Errol had shaken his head. “You’re right, you know. It’s late in the day to start to play uncle.” He gave Emil a meaningful look. “But you, it’s not too late for you to connect with him. Both of your cousins and your Aunt Celeste.”
Emil said, “How do you mean ‘connect’?”
“Get to know them, build that family connection, you know. What do you think of the idea of going down there, spending time with Celeste, them? Andres and Torrance.”
“Over the Christmas holidays, you mean?”
“I’m talking about living with them for six months, a year. These are your relatives, man. Your extended family.”
Vivian cut in. “For what reason, Errol? It would be an imposition on Celeste, even for a few weeks.”
“Funny you say that.” Errol levered morsels of trout meat from his plate onto his fork. “Celeste is forever asking after Emil. ‘How come he don’t visit? He getting on at medical college?’ This kind of thing. You know your aunt. She’d make a big fuss of you.”
“I think Celeste needs moral support, Errol. You and I ought to go down for a week or so and visit with her. We should go down. We haven’t seen them since Karel died.”
Again, Errol shook his head. “It’s not Celeste worrying me. I think she’s rather taken to being a widow, if I’m honest. It’s the boy. It’s a lot to lose a father. Look, my thinking is, go down there, spend some time with him, with them, and when the moment is right, you deliver some tough love.”
“And what if”—Emil chose his words with care— “. . . what if Andres wants nothing to do with me?”
Errol seemed not to have considered this hitch. Looking at Vivian, he rubbed his middle finger along his cheek. “Well, if he’s not interested, so be it. But it would still be an education for you, Emil. You know, reconnect with your roots.”
“Christ, Errol,” Vivian said. “You’re wanting Emil to play babysitter and explore his roots, when all he wants is a break. Breathing space from the intense preparation to become a neurosurgeon. And are you really asking him to throw himself on the hospitality of his less well-off relatives, people he’s not seen in five years? For a few months?”

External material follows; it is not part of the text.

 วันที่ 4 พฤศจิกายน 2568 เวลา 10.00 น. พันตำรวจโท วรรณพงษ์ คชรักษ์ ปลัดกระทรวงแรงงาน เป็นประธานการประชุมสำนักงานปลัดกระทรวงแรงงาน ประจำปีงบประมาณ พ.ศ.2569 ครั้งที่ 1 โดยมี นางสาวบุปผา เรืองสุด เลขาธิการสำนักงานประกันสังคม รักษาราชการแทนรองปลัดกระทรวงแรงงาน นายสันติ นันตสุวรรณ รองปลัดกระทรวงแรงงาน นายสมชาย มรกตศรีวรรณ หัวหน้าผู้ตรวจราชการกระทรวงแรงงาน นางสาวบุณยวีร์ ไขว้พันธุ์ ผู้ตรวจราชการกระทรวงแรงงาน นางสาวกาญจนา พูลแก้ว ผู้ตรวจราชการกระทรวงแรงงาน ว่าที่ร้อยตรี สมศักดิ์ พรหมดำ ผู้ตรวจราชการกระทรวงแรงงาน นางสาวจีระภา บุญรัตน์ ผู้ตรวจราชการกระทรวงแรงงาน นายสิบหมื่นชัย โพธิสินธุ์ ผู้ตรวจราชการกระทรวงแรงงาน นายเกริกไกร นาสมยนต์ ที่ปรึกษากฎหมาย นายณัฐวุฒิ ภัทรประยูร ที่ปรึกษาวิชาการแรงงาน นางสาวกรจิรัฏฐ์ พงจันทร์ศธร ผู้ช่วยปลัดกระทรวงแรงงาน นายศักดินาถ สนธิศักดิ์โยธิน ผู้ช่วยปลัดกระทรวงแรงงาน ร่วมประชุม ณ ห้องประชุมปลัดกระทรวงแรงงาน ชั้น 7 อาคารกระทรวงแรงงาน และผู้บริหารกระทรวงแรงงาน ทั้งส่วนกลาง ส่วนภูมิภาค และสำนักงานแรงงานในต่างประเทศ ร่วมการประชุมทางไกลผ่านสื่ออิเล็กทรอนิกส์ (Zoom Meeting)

“Christ yourself, Vivian.” Errol shifted in his seat, and he turned now toward Emil. “What’s breathing space? What does that mean? You’re going to go lounge on a beach somewhere? See some sights? Rome, Venice, this kind of thing?”

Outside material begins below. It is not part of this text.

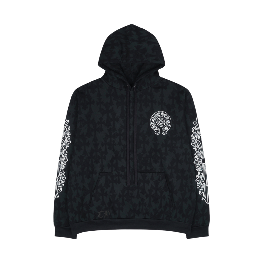 크롬하츠 세메터리 크로스 프린트 풀오버 후드 블랙

“What’s the implication here, Errol?” Vivian held tight to her sudden fury; her voice barely rose. “He’s being shiftless because he wants a hiatus. That’s your response?” The signs of her outrage were physiological. Vivid. She jabbed her arms in a birdlike motion, exposing the insides of her wrists; in her throat, the jugular vein stood out beneath the skin.

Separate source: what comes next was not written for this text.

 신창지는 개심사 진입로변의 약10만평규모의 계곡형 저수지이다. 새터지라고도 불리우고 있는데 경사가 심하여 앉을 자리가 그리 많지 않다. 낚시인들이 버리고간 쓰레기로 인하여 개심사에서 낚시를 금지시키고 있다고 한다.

“It could work,” Emil interjected, although he was care- ful to leave his meaning unclear. He felt embarrassed before his mother’s ire. Shamed. He did not merit such a righteous defense. And he is conflict-averse enough that he’d already begun considering what going along with Errol’s idea might entail. In the next breath, he said, “Maybe I can learn something from Andres too.”
Even though he knew this would inflame Vivian even more. “What are you saying, Emil? What do you mean?” Vivian caught her breath. “This is crazy. If it’s down to anyone to save Andres, that would be Celeste. And where in all of this is Torrance, where does he figure? Maybe he needs rescuing as well?”
“Let me think about it,” Emil said. A fleeting pleasure, seeing his father quail beneath Vivian’s anger.
“Yes. Sleep on it,” the mother said. “I’m done with the topic, Errol. Done with concerning myself with Andres and Celeste as if they’re children. And for god’s sake, Errol, spare me any talk of roots in this house. Spare me. Keep that . . . kak for your comrades.”
A family squall, and one blown out as abruptly as it flared. Were anyone peering in at the window, the Silvas would have presented a curious tableau. Vivian staring into her plate as if scrying. Errol slumped in his chair, wetting his lips with the tip of his tongue every few moments, chastened in the stony silence, awed too by his wife’s capacity for outrage. There were stains in the bottoms of the wineglasses, the lees dark and gritted as coffee. At the lip of Emil’s own plate was a row of translucent trout bones; Nanda, the housekeeper, had missed a few in her deboning.